• ABOUT THIS TASK
This exercise asks for an exact copy of every entry below, with pictures omitted.

----- RECORDS FOR THE TASK -----

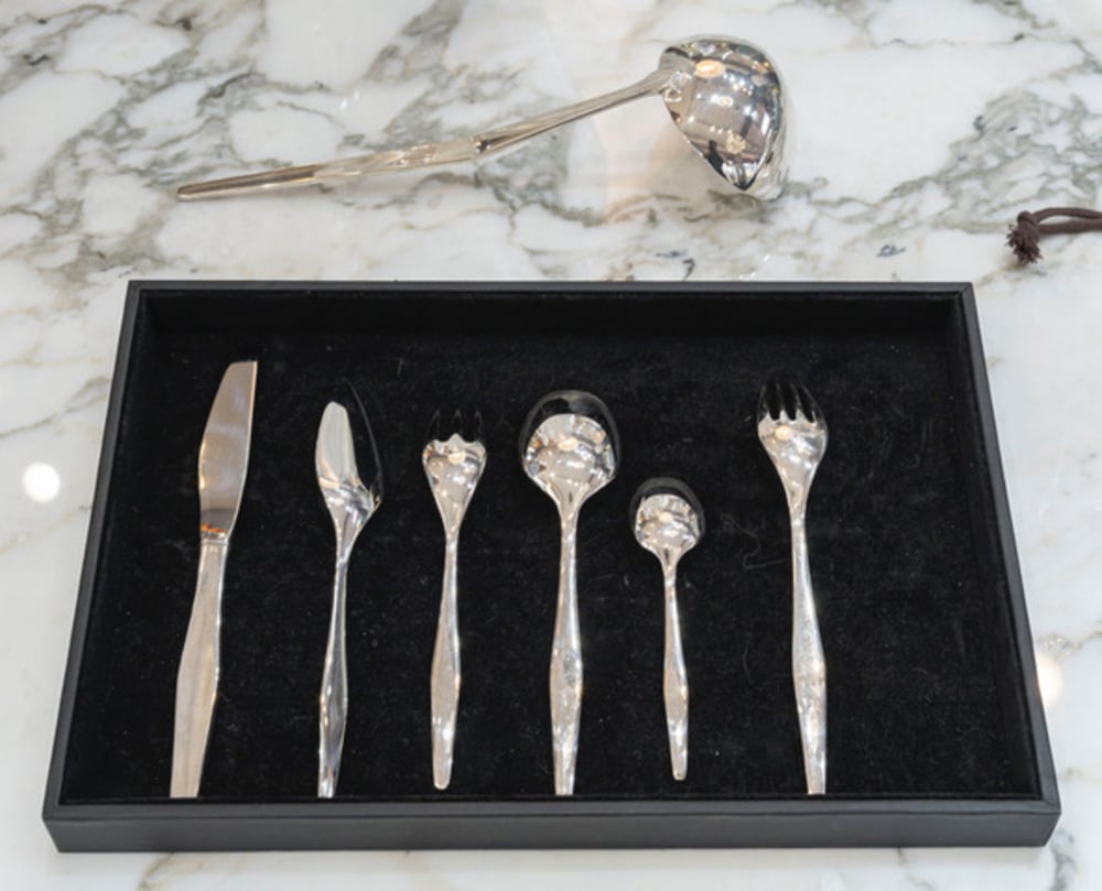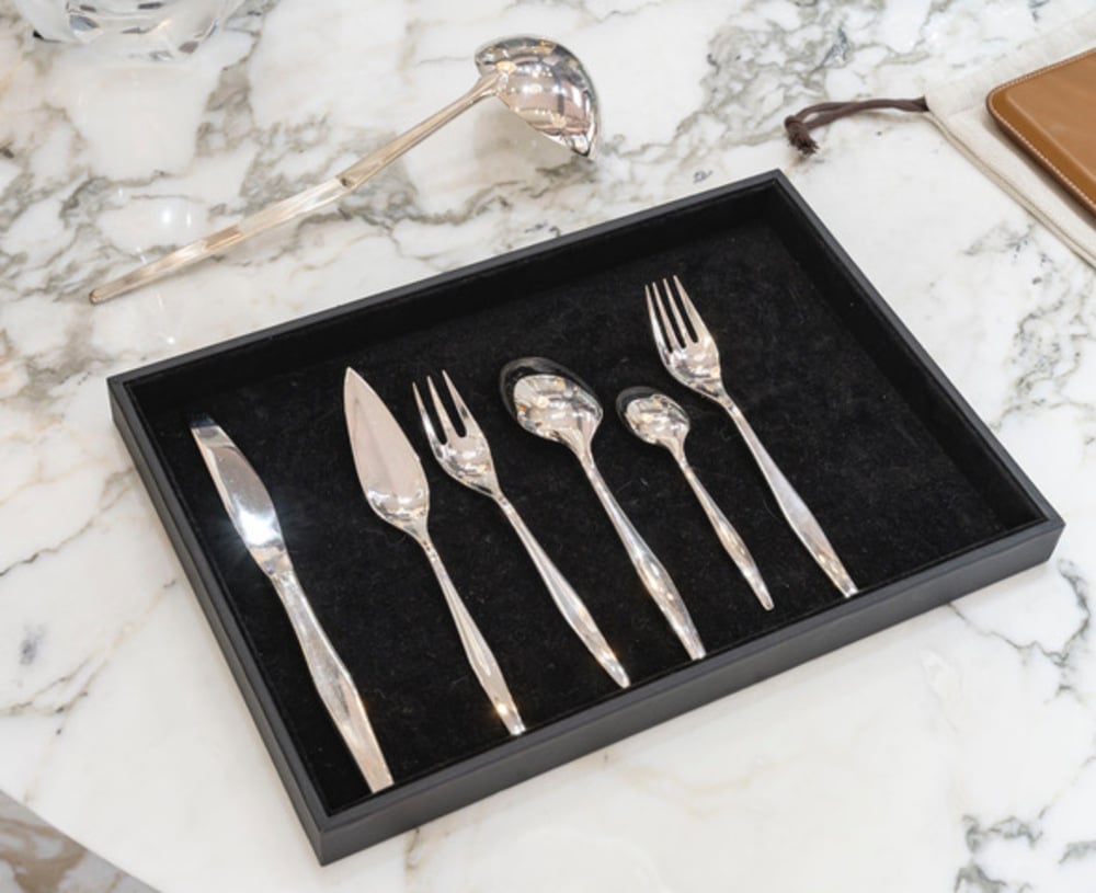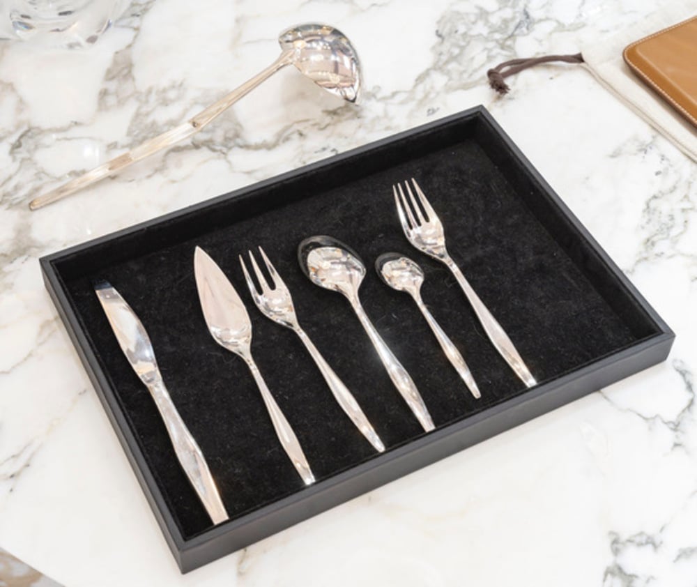 Petit détail totalement novateur : le couteau à poisson est le premier de l’histoire du couvert qui convient parfaitement aux gauchers !
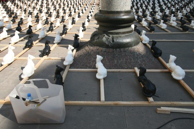 Ottmar Hörl, Präsident der Nürnberger Kunstakademie, realisiert seit Jahren hintersinnige, humor- und phantasievolle Projekte, die Kunst mit dem öffentlichen Raum verbinden. Seine Arbeiten bestehen aus tausenden gleicher Kunststofffiguren, die mit wichtigen Kunstwerken oder Symbolen der Stadt, in der sie aufgestellt werden, verknüpft sind. Zu den bekanntesten Installationen Hörls gehören: „Berlin-Bären“ auf der Straße Unten den Linden zwischen Brandenburger Tor und Friedrichstraße, im Rahmen des Beitrags der Stadt Berlin zur Initiative „Boulevard Metropolis“ (2000), Gartenzwerge auf dem Münchner Max-Josef-Platz anlässlich der internationalen Opernfestspiele (1998), "Das große Hasenstück" in Nürnberg zum 500. Jubiläum von Albrecht Dürers Bild "Der junge Feldhase" in Verbindung mit dessen einzigartiger Naturstudie "Das große Rasenstück" (2003), "Richard Wagner für das 21. Jahrhundert" in Bayreuth (2005) und Eulen in Athen (2005).
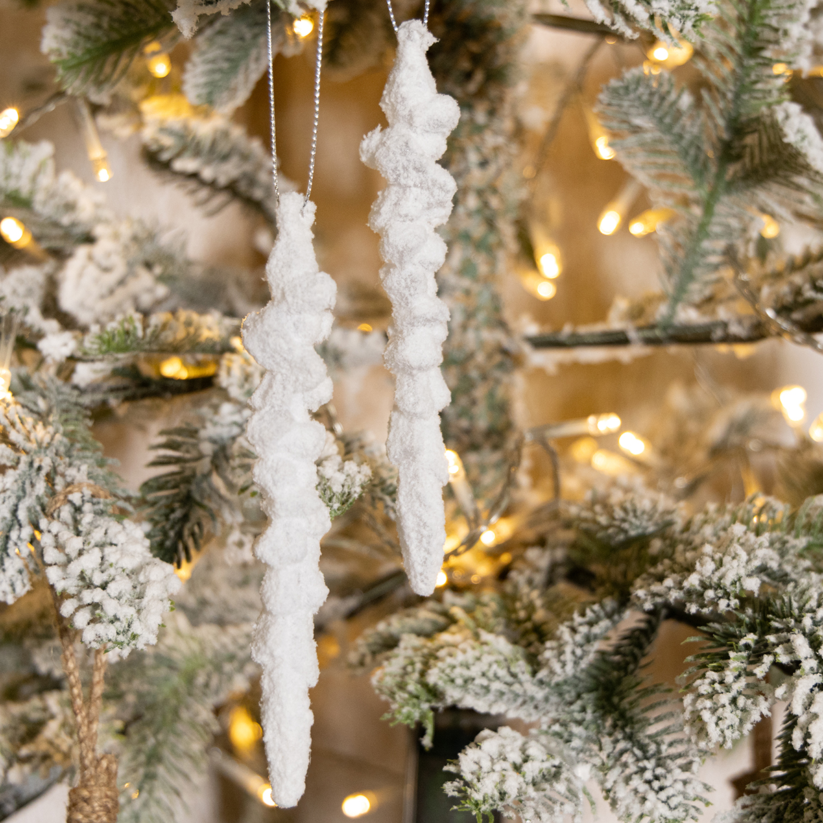 Besneeuwde kerstboomversieringen in de vorm van ijspegels – witte wintermagie voor de woonkamer
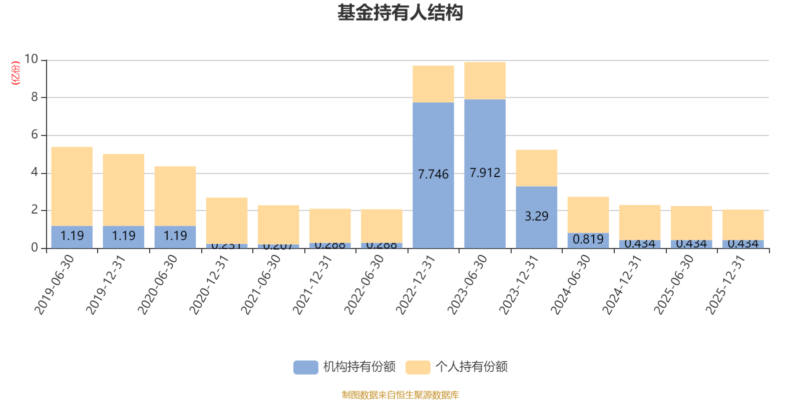 截至2025年12月31日,基金持有人共计1.05万户,合计持有2.06亿份。其中管理人员工持有1.1万份,占比0.01%,机构持有份额占比21.11%,个人投资者占比78.89%。
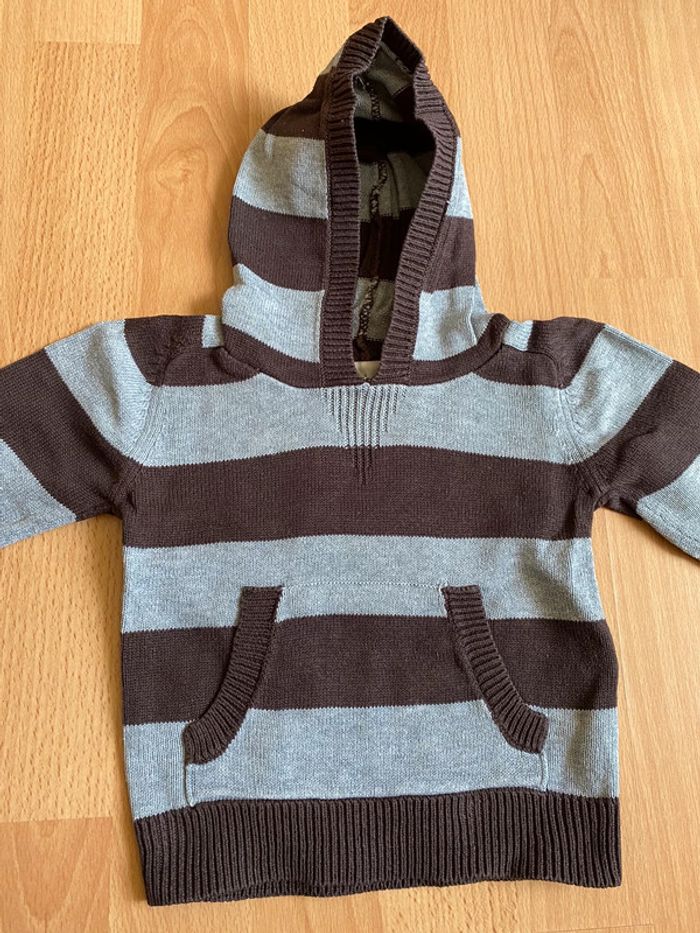 Joli pull à capuche ML à rayures marrons et grises T. 6 mois/68 cm garçon TBE - photo numéro 1

-----

• TASK RESULT
 Petit détail totalement novateur : le couteau à poisson est le premier de l’histoire du couvert qui convient parfaitement aux gauchers !
 Ottmar Hörl, Präsident der Nürnberger Kunstakademie, realisiert seit Jahren hintersinnige, humor- und phantasievolle Projekte, die Kunst mit dem öffentlichen Raum verbinden. Seine Arbeiten bestehen aus tausenden gleicher Kunststofffiguren, die mit wichtigen Kunstwerken oder Symbolen der Stadt, in der sie aufgestellt werden, verknüpft sind. Zu den bekanntesten Installationen Hörls gehören: „Berlin-Bären“ auf der Straße Unten den Linden zwischen Brandenburger Tor und Friedrichstraße, im Rahmen des Beitrags der Stadt Berlin zur Initiative „Boulevard Metropolis“ (2000), Gartenzwerge auf dem Münchner Max-Josef-Platz anlässlich der internationalen Opernfestspiele (1998), "Das große Hasenstück" in Nürnberg zum 500. Jubiläum von Albrecht Dürers Bild "Der junge Feldhase" in Verbindung mit dessen einzigartiger Naturstudie "Das große Rasenstück" (2003), "Richard Wagner für das 21. Jahrhundert" in Bayreuth (2005) und Eulen in Athen (2005).
 Besneeuwde kerstboomversieringen in de vorm van ijspegels – witte wintermagie voor de woonkamer
 截至2025年12月31日,基金持有人共计1.05万户,合计持有2.06亿份。其中管理人员工持有1.1万份,占比0.01%,机构持有份额占比21.11%,个人投资者占比78.89%。
 Joli pull à capuche ML à rayures marrons et grises T. 6 mois/68 cm garçon TBE - photo numéro 1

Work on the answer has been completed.